## EXCERPTED DATA
----------

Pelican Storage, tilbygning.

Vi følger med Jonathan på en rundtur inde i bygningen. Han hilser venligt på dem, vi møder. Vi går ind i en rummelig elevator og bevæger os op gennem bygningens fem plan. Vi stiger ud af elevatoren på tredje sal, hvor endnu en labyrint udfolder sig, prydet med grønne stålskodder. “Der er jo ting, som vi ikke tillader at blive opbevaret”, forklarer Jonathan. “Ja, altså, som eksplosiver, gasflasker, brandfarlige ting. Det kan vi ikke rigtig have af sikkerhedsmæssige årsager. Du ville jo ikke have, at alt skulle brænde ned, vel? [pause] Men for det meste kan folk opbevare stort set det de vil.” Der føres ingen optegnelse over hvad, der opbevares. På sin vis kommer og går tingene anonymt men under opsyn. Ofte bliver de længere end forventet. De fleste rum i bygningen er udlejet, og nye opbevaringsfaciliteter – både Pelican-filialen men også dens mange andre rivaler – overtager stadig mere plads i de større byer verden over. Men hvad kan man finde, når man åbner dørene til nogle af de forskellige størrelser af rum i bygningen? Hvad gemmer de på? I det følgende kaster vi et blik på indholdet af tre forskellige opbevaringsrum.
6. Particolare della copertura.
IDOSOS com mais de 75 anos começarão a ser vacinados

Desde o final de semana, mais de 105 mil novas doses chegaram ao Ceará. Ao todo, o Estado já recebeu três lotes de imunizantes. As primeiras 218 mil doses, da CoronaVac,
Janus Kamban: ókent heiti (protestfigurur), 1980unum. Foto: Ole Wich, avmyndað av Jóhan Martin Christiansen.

----------

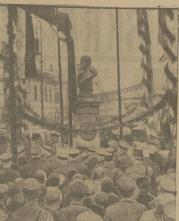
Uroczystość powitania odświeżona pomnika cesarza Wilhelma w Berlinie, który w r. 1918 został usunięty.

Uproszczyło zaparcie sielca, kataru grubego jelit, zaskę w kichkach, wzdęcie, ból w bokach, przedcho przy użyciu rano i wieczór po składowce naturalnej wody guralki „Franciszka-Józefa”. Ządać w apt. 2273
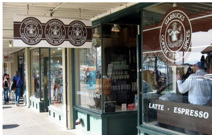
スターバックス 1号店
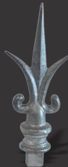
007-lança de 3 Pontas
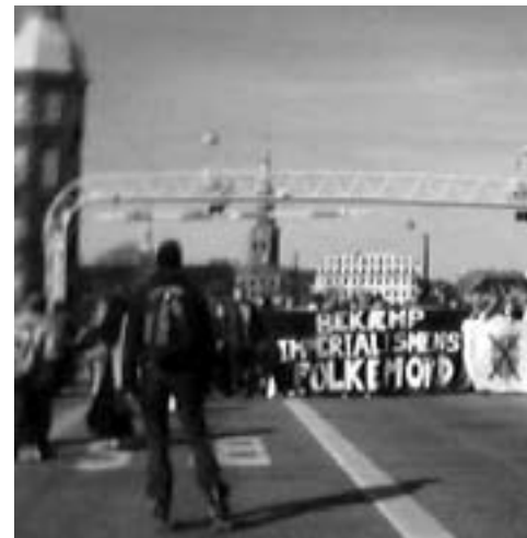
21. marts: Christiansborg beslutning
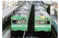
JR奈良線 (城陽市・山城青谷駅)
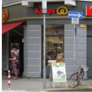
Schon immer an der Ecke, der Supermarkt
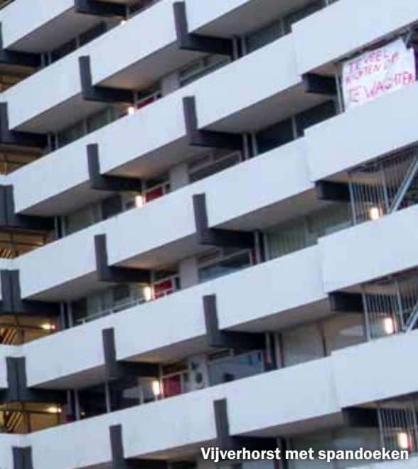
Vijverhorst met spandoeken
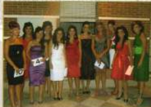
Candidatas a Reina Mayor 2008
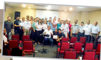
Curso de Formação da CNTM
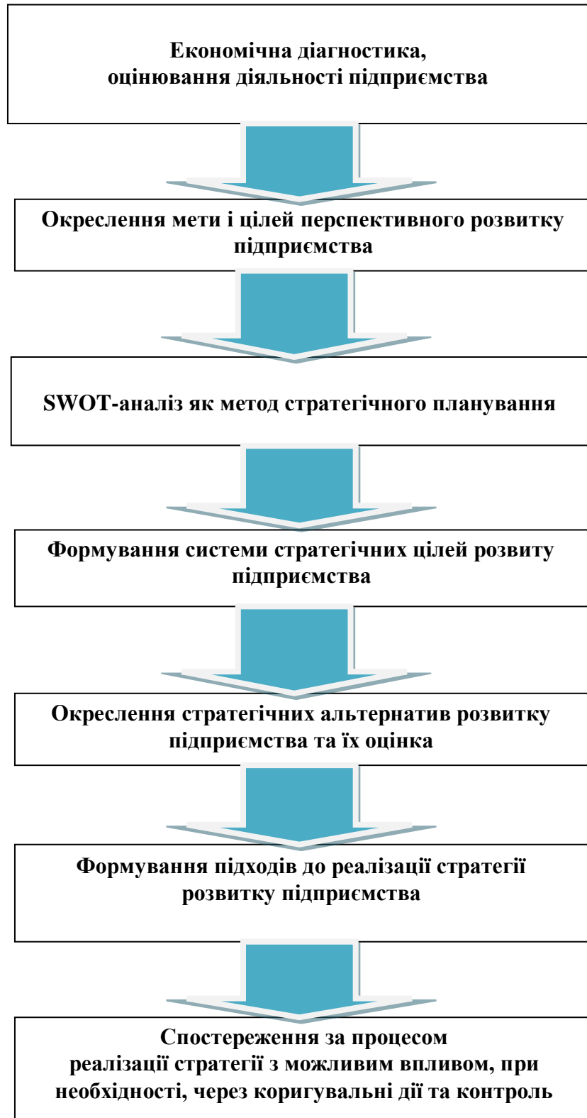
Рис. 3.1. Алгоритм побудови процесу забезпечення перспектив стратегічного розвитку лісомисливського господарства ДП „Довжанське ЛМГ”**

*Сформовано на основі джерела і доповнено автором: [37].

----------

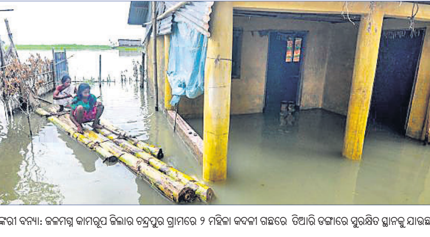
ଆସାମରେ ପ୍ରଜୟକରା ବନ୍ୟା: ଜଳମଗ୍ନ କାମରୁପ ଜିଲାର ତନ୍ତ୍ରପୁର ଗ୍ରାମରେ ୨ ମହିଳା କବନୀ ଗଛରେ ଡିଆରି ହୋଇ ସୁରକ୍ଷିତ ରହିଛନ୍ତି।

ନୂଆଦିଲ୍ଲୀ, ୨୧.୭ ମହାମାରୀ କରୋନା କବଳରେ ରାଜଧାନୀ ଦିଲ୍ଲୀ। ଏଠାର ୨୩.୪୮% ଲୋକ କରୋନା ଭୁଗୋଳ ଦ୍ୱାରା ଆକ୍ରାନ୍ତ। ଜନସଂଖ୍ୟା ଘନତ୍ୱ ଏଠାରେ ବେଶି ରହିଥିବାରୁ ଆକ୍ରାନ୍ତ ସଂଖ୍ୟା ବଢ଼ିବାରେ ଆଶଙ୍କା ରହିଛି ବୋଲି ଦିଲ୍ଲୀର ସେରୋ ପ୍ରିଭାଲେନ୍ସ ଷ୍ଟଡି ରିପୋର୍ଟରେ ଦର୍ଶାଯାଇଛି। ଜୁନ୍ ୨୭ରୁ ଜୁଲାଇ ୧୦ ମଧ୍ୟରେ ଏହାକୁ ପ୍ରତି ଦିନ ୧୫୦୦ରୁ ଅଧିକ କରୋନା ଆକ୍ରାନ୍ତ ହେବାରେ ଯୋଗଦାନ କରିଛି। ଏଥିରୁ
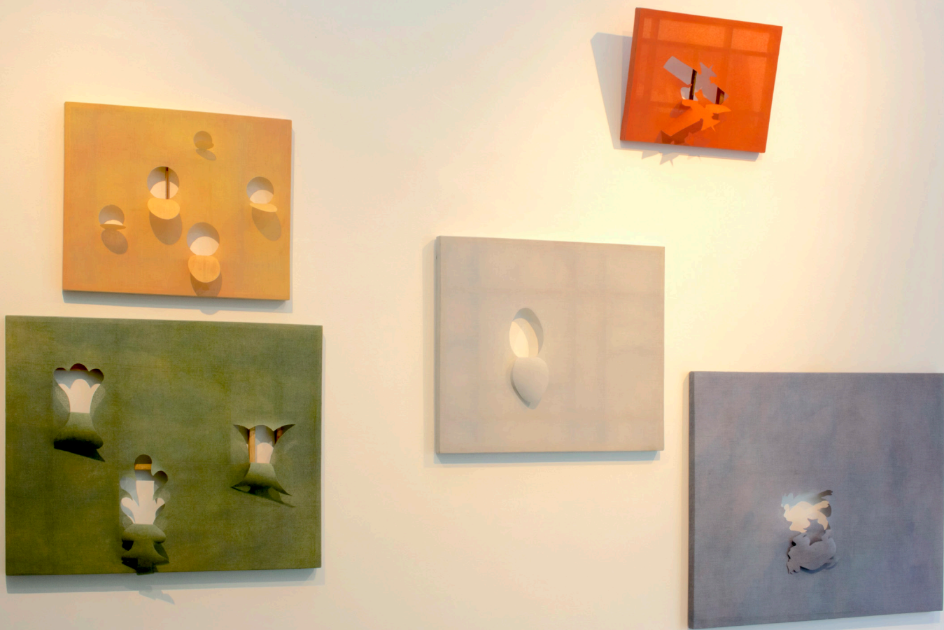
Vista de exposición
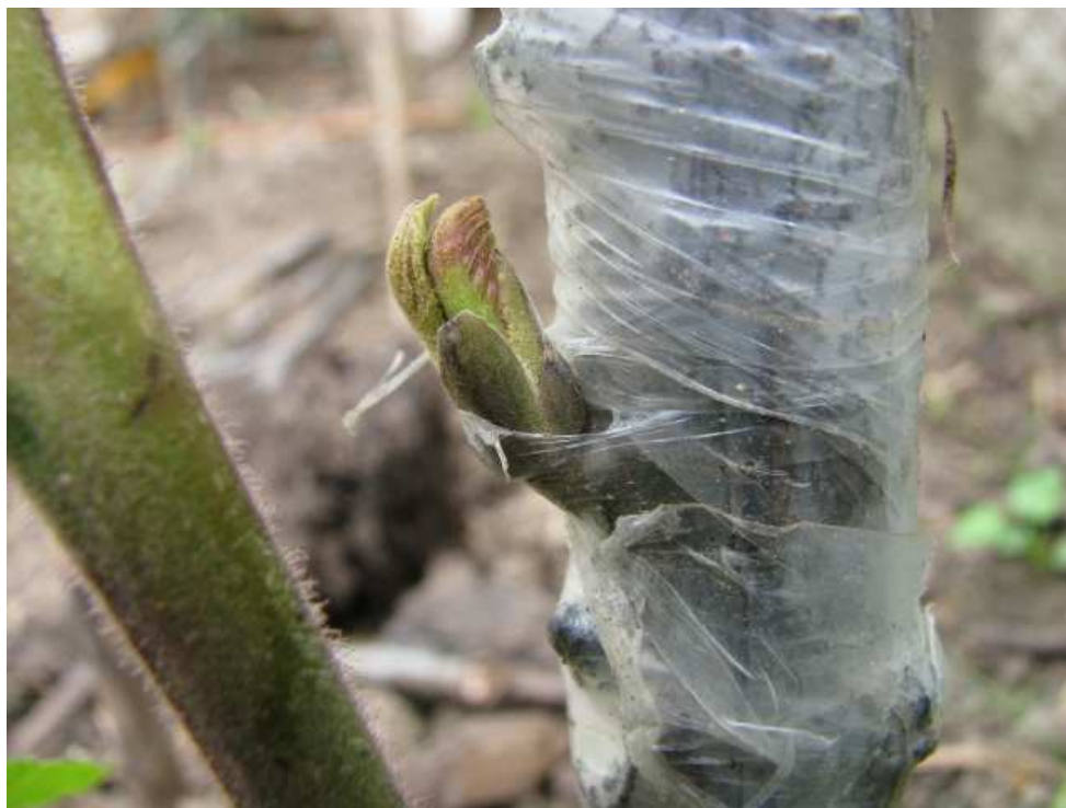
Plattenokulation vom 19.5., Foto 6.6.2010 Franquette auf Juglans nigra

----------

## TASK TO COMPLETE
For the data above, set down exactly the lines from the line with "21. marts: Christiansborg beslutning" to the line with "доповнено автором: [37].", both included, leaving pictures out.

## RESPONSE TO THE TASK
21. marts: Christiansborg beslutning
JR奈良線 (城陽市・山城青谷駅)
Schon immer an der Ecke, der Supermarkt
Vijverhorst met spandoeken
Candidatas a Reina Mayor 2008
Curso de Formação da CNTM
Рис. 3.1. Алгоритм побудови процесу забезпечення перспектив стратегічного розвитку лісомисливського господарства ДП „Довжанське ЛМГ”**

*Сформовано на основі джерела і доповнено автором: [37].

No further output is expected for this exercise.